Спокойно улыбнувшись, маленький неторопливый Глазычев аккуратно застегнул плащ, надел кепку, примял ее, проверил, лежит ли в кармане плаща крепкая веревка с металлическим карабином для ошейника, и вышел на площадь к оперативной машине.

На Финляндском вокзале он справился в отделении дорожной милиции, где собака и что, собственно, она натворила. Лейтенант, только что заступивший на дежурство, ничего порядком не знал, кроме того, что пес находится в отцепленном вагоне на шестом запасном пути у будки стрелочницы.

– Дать вам с собой милиционера? – спросил лейтенант.

– Да нет, – ответил Глазычев. – Палка у вас какая-нибудь есть? Метра на полтора.

Палку вынули из метлы. Не спеша Глазычев пошел на шестой путь. Будку стрелочницы он увидел еще издали, подле нее толклось человек десять народу; оттуда доносились громкие, взволнованные голоса.

Когда Глазычев приблизился, стрелочница, коренастенькая бабенка в ватнике, тыча свернутым флажком в сторону вагона, стоящего неподалеку, азартно досказывала, вероятно не в первый раз, подробности недавнего события:

– Носится кобелина по вагону, из двери в дверь, из двери в дверь! Выкатил глазища, язык на сторону… Пассажиров всех выгнал, проводница как залезла с ночи в туалет, так до сих пор там и запершись. Я уж ей через окошко кефир носила… Подходит время отправлять состав в обратный рейс, диспетчер лается, в чем задержка, а бригадир говорит: «Я не могу катать в порожнем вагоне одного пса, тем более за него не плачена проездная плата».

Затем стрелочница, переваливаясь на своих коротеньких тугих ножках и не переставая трещать, охотно повела всех слушателей на экскурсию к вагону.

Глазычев последовал за ними.



Еще издали стрелочница весело крикнула, очевидно, запертой проводнице:

– Раиса, как жизнь молодая?

В крайнем, чуть-чуть приоткрытом, вымазанном густыми белилами вагонном окошке показалось испуганное лицо пожилой женщины.

– Чего слышно? – тихо спросила она.

– В милицию звонил диспетчер, – на ходу захлебывалась стрелочница. Сейчас пришлют человека, стрельнет – и все… Выйдешь, Раисочка, на волю. А пока хорошо: тебе с перепугу недалеко бегать…

– Убивать жалко, – все так же тихо сказала Раиса. – Я могу еще потерпеть.

– Глупости! – фыркнула коротконогая стрелочница. – Было б из-за чего.

Она подвела своих спутников к середине вагона.

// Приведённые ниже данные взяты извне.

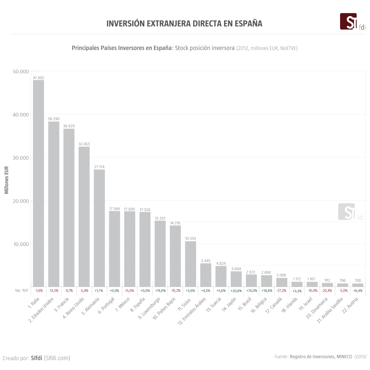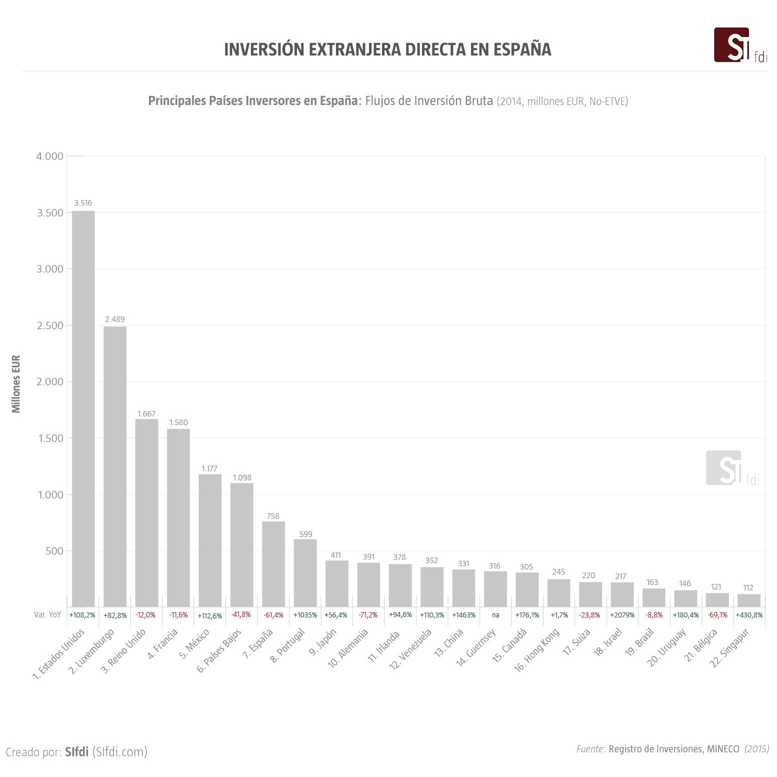 En las gráficas siguientes se puede apreciar de forma individual la aportación de los principales países inversores en 2014 y las variaciones interanuales de sus cifras, así como el stock de su posición inversora en 2012. Estados Unidos se ha vuelto a colocar como principal inversor individual en el país, seguido por Luxemburgo, Reino Unido, Francia y México, con comportamientos dispares. Se han experimentado descensos notables en las inversiones de algunas de las principales economías Europeas (Reino Unido, Francia, y especialmente en Alemania o Países Bajos), compensadas por los incrementos experimentados en Estados Unidos, Luxemburgo o algunos países latinoamericanos (México, Venezuela y Uruguay, fundamentalmente). No nos debe extrañar la presencia entre los principales inversores de economías como Luxemburgo, los Países Bajos y otras economías con atractivos esquemas para las inversiones de esta índole, que actúan como fuerte hub de inversiones en la región; No se ve todavía sin embargo demasiado impacto en el país de las operaciones desde otros centros similares de inversión como pueden ser Hong Kong o Singapur, con fuerte actividad en la región Asiática pero todavía reducida en nuestro país.

Здесь на земле стояла высокая чурка, которую, должно быть, подкатили под окно. Взобравшись на эту чурку, стрелочница осторожно, потихоньку приподымая голову, словно кто-то сквозь закрытое окошко мог в один миг отхватить ее, заглянула внутрь вагона.

– Есть! – прошептала она. – Лежит, бандит, у самой двери…

На чурку по очереди стали взбираться любопытные. Даже какой-то старичок-боровичок, кряхтя и цепляясь за плечо стрелочницы, вскарабкался к окошку и поскреб пальцами по стеклу. Тотчас же из вагона донеслось рычание, затем густой, осипший лай. В окне показалась крупная собачья голова. Старичок ссыпался вниз.

– Видали? – восторженно взвизгнула стрелочница.

Люди столпились внизу под окном. Погавкав на них, собака склонила голову набок и стала следить за мухой, ползущей по стеклу.



Глазычев подошел к стрелочнице.

– Вот что, девушка, – сказал он, как всегда неторопливо и дружелюбно. – Публику вы отсюда уберите, а мне, если можно, одолжите на десяток минут свой ватничек. Хлебца у вас, случайно, нету? И вагончик мне отоприте.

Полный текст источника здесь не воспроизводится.